Violence et addiction à la drogue

Côté carrière, le comédien enchaîne les performances d’exception avec Coup de tête de Jean-Jacques Annaud et Série Noire d’Alain Corneau en 1979, puis Un mauvais fils de Claude Sautet en 1980. Mais Patrick Dewaere développe une addiction à la drogue, et se montre de plus en plus instable sur les plateaux, comme lorsqu’il manque de se battre avec Yves Boisset sur le tournage de Le Juge Fayard dit « le Shériff ». L’éclat de trop survient lorsqu’il passe à tabac le reporter Patrice de Nussac du Journal du Dimanche, lui reprochant d’avoir révélé son mariage futur avec Elisabeth Malvina Chalier dite Elsa. Ce qui vaut à l’acteur, réputé pour ses accès de violence et ses rôles d’écorchés vif, d’être boycotté par la presse. Souffrant d’un manque de reconnaissance, s’enfermant progressivement dans son addiction, le monstre sacré n’en est pas pour autant oublié par le monde du cinéma : il est repéré dans Série Noire par Orson Welles, qui lui propose un projet de film, puis est choisi par Claude Lelouch pour jouer Marcel Cerdan dans Edith et Marcel, s’astreignant à une préparation stricte. 

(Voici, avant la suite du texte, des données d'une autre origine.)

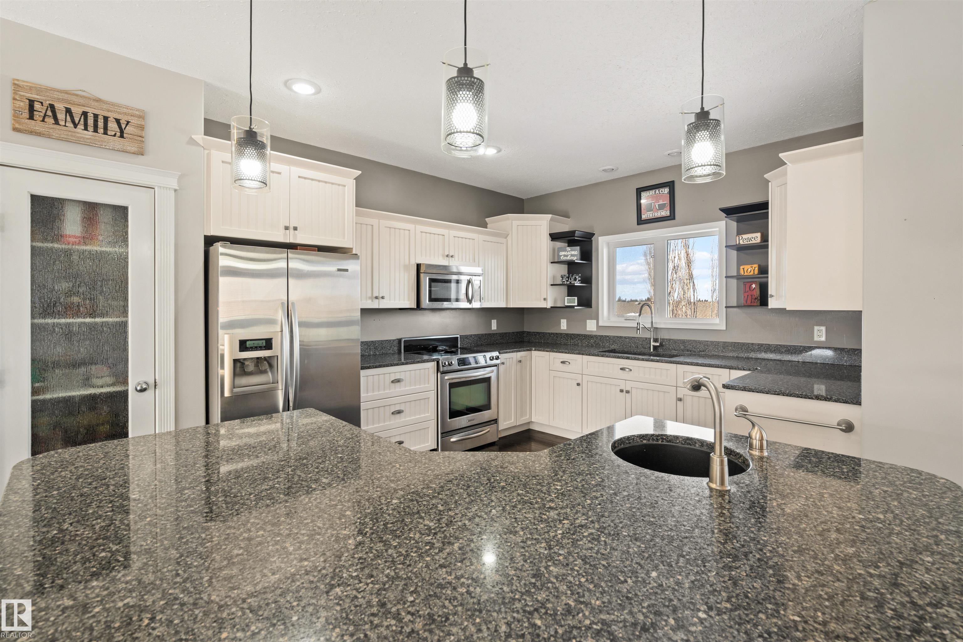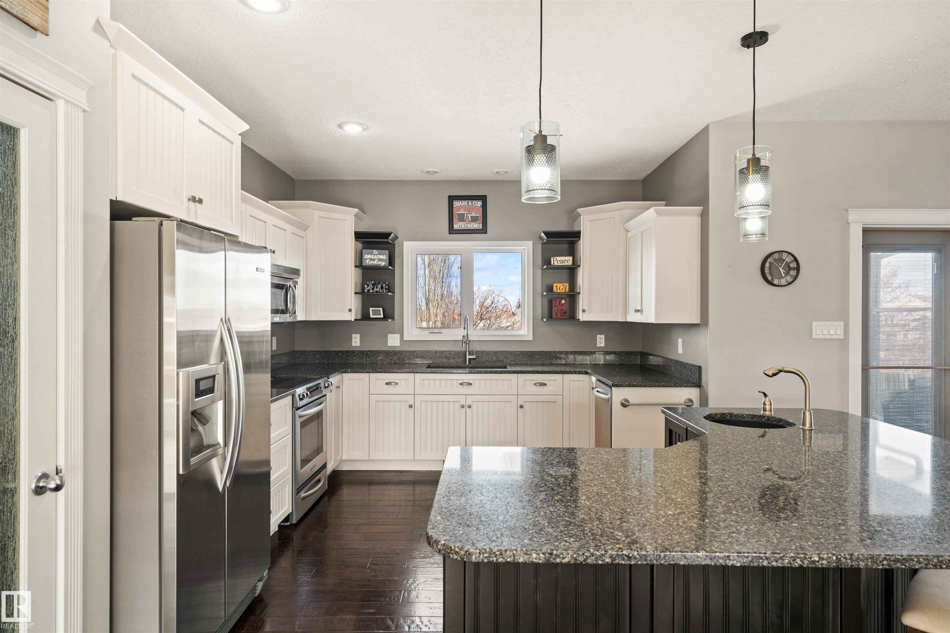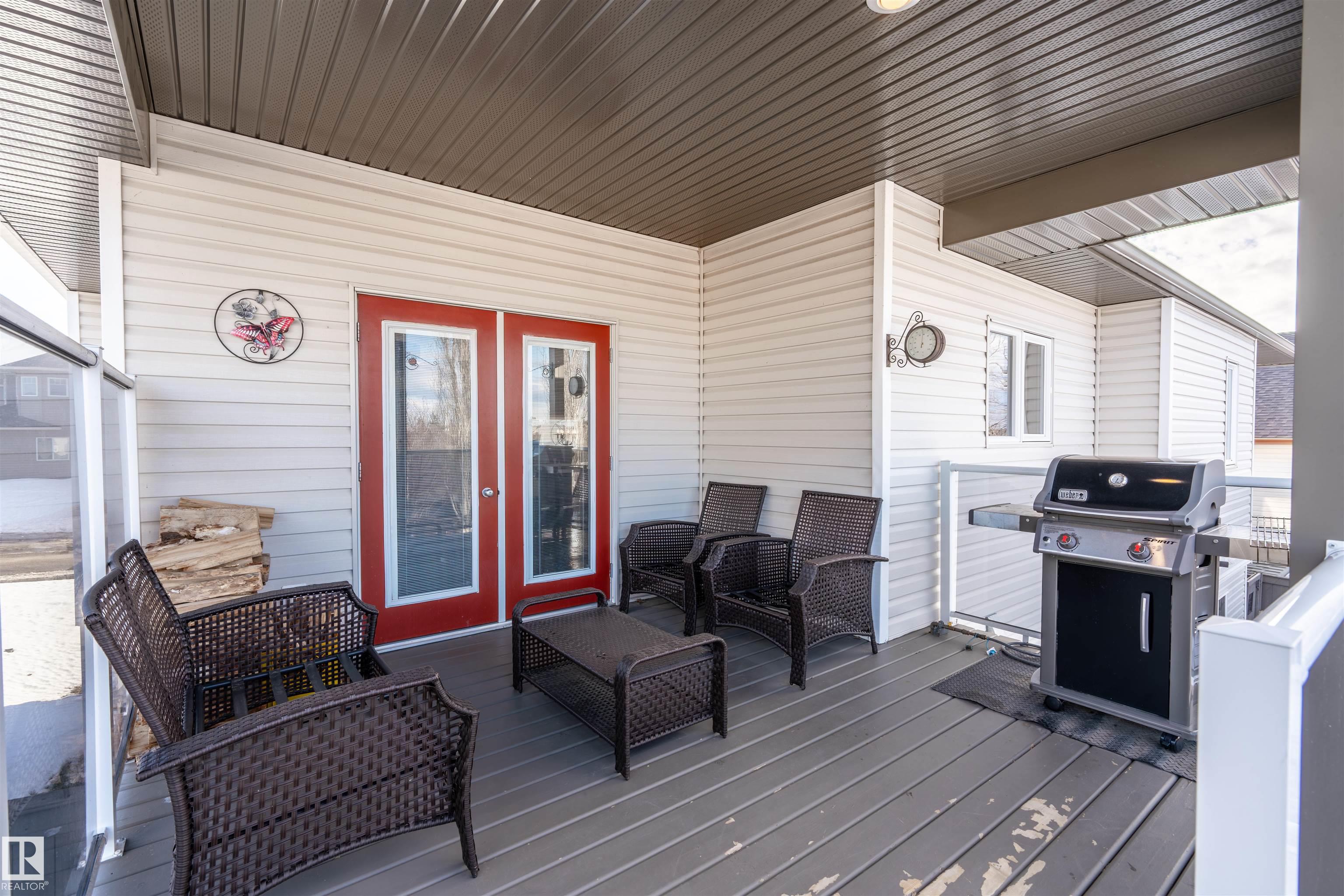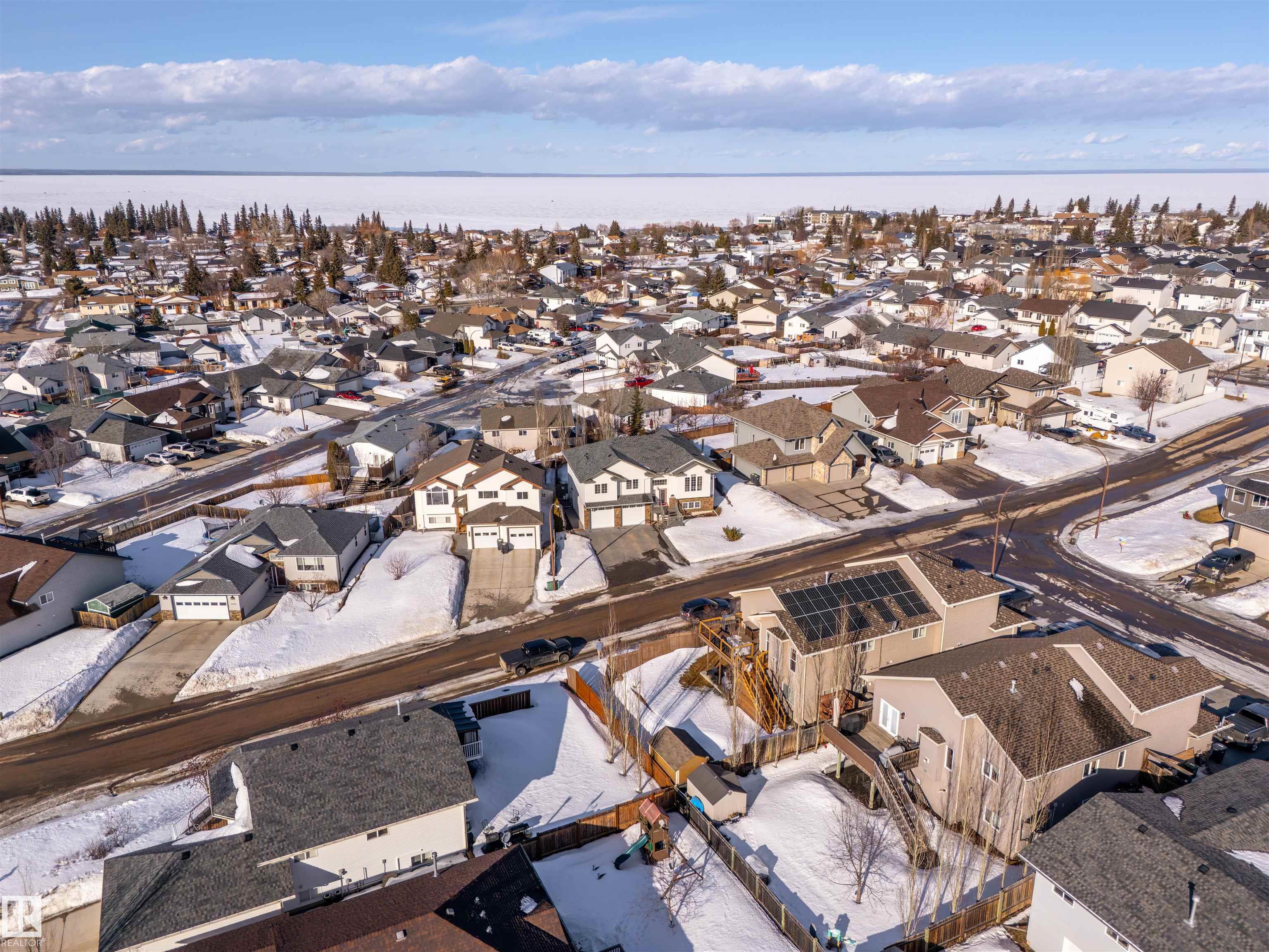 Executive bilevel in Nelson Heights with views of Cold Lake and the extensively manicured backyard. This home has many amazing features including Corian countertops, massive island with prep sink, stunning hardwood floors, huge main floor laundry room, 9 ft ceilings, covered deck, and walkout basement just to name a few. Open concept main floor features show stopping wood fireplace with stone accent wall and a massive kitchen with pantry and plenty of cabinet space. 3 bedrooms finish the main floor including primary with walk in closet and full ensuite complete with double sinks. Basement is warmed by slab heat and includes large family room with dry bar, 4th bedroom, additional bathroom and access to both the fenced and beautifully landscaped yard & the finished attached oversized heated double car garage with epoxy floor & room for everything and more. Outside is a stamped concrete lower patio, tons of flower beds and trees, a stone fire pit area. Added upgrades are on demand HW, & wiring for hot tub.

Pourtant, entre les dettes, les problèmes d’impôts et la séparation avec Elsa qui l’a quitté pour Coluche, les soucis s’accumulent. Alors qu’il répète, le 16 juillet 1982, avec Claude Lelouch et Évelyne Bouix, le comédien reçoit un coup de fil de son ancienne compagne, qui lui assure qu’il « ne reverra plus jamais sa fille » Lola. L’acteur de 35 ans rentre de façon impromptue dans sa maison du 14e arrondissement de Paris, et se suicide en se tirant une balle dans la tête avec la carabine que lui avait offerte Coluche. Un geste ultime de détresse et qui finira d’entériner la légende de celui qui confiait, déjà en 1979, à un journaliste : « Je ne serai jamais vieux ».